The quote from Alexander shows us that race, racial attitudes, and the systems of support we develop in our country are flexible and open to manipulation. There is no reality behind race, but racial ideas have been used for political purposes throughout our countries history. Alexander argues (and her argument has been supported by other researchers) that bottom-up movements that placed lower classes against upper classes in the United States have been countered and broken up with the use of racial prejudices and attitudes. In the 1970’s President Nixon pushed the idea that black people were dangerous, and that the state needed to crack down on black crime. From these ideas and from this desire to break up a coalition of low socioeconomic status black and white people came racial exploitation and discrimination, leading to the start of a mass incarceration system in the United States.

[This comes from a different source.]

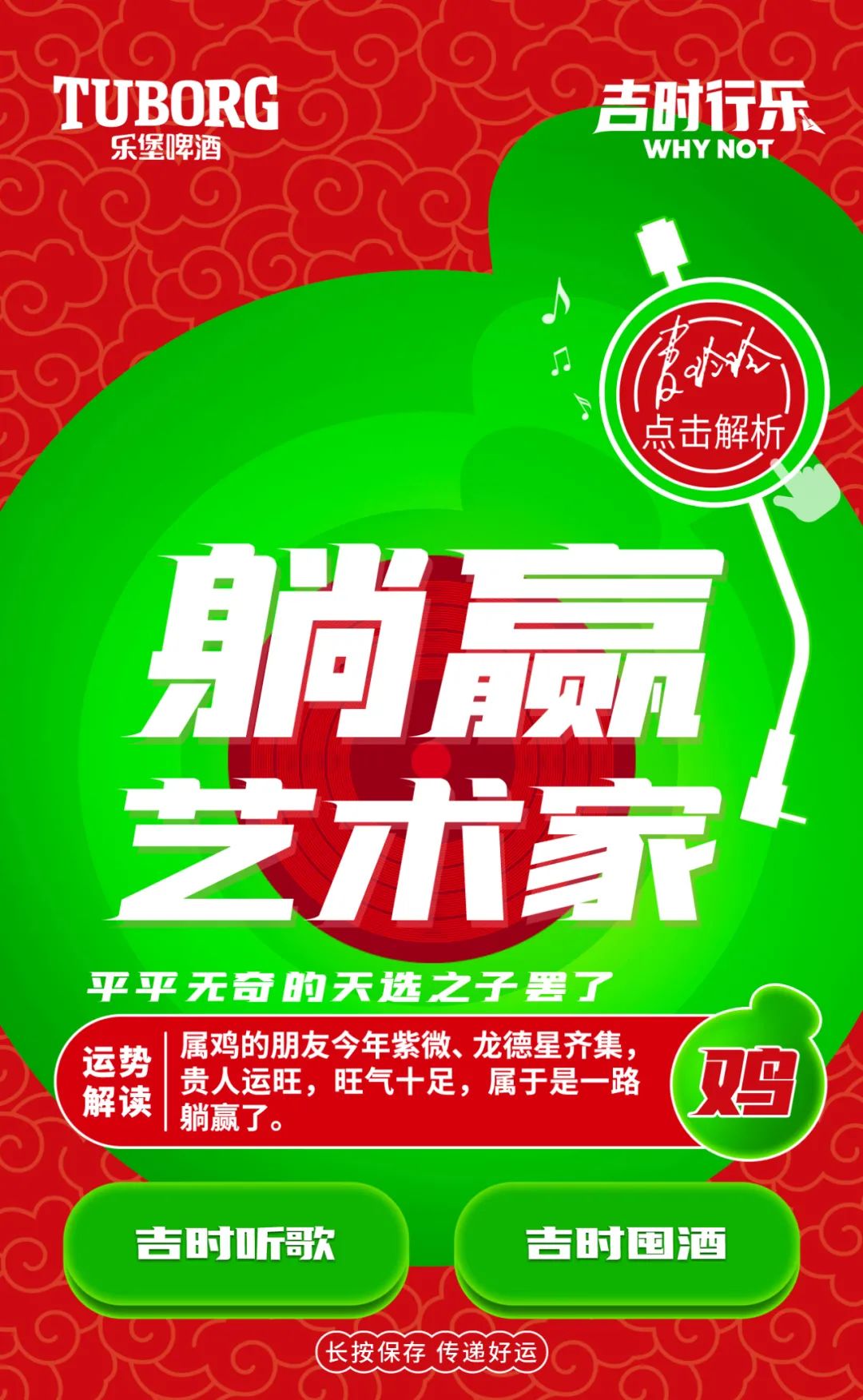 为了让消费者进一步提升参与感,吉时测运程,乐堡啤酒联手麦玲玲共同推出H5互动页面,用户可以自行选择生肖,测试生成个人专属的2022运势报告。借势人人关心的新年运势,通过易于参与又富有趣味的互动玩法,击破大众新年话题。

What I have found particularly interesting in our country is the belief that people hold about becoming rich. We like to believe that we will all somehow reach the top socioeconomic status groups, and we tend to believe that hard work and smart decisions are all that are needed to reach those upper echelons.  While it is certainly true that hard work and smart decision making is necessary to be materially and financially successful, we should not over inflate the importance of those factors and decrease the importance of luck, familial income level at birth, and of social attitudes and thoughts about you and people who share your identities.  We must recognize that financial and material success are not solely the responsibility of the individual, and by the same logic failure and poverty are not inherently the responsibility of the individual poor. How we structure society, how we allow or bar individuals from participating in the economy, and how we treat certain groups and individuals matters in terms of who succeeds and who does not. Aspiring to become successful does not mean that we should treat the highest socioeconomic status groups differently, simply because we believe we will somehow be there and will somehow benefit from policies that clearly disadvantage us and the rest of society.

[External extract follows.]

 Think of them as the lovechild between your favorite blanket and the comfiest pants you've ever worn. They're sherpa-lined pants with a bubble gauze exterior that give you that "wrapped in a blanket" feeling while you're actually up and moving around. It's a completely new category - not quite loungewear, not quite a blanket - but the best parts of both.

Creating Racial Resentment

Michelle Alexander in her book The New Jim Crow argues that racial caste systems have been maintained in the United States by stoking up racial attitudes to create a racial hierarchy that distracts us from economic hierarchies. She suggests that white people who have benefitted from racial caste systems in our country are less likely to take action to reverse the situation because of the social benefits of not being black or brown and not living in our country’s lowest social class. She focuses on how political support for African American’s in our country has been diminished to prevent low socioeconomic status (SES) black and white people from joining together and creating a coalition.

Early in her book she writes, “Time and again the most ardent proponents of racial hierarchy have succeeded in creating new caste systems by triggering a collapse of resistance across the political spectrum. This feat has been achieved largely by appealing to the racism and vulnerability of lower class whites, a group of people who are understandably eager to ensure that they never find themselves trapped at the bottom of the American totem pole.”

I have come across this theory in other books, podcasts, and mediums and I believe that it is accurate. We support policies in this country that appear to be race neutral at face value,  but have disparate impacts on African American and Latino populations in the Untied States. Policies that have been suggested to reduce these disparate impacts will often times improve the SES of not just black and brown people, but of low SES white people as well. However, these measures often don’t find much political support from white members of groups that would benefit from them. Alexander argues that this is a reflection of the fact that white people will lose status relative to black people if we achieve more racial parity, and to prevent this loss of status white people will vote against legislation and will not support policies that reduce inequality and improve their economic outlook.

The main reason I think Alexander’s claim is an accurate description of our politics is because I see identity, as opposed to economics or ideology, as the main driver of political behaviors. During his campaign and throughout his time in office President Trump capitalized on his ability to represent a certain American identity that is distinctly non-black or brown. He does not have any consistent ideologies or economic policy preferences,  but he does express a consistent white identity and has enjoyed overwhelming support from white demographics across the board including low SES white groups as well as higher SES white groups. Low SES white people would have likely seen greater benefits from a candidate who expressed more equitable political and economic ideologies, but such policies would not have appealed to their identity and would have diminished the small but real status advantage that white people have over black people at all SES levels in America.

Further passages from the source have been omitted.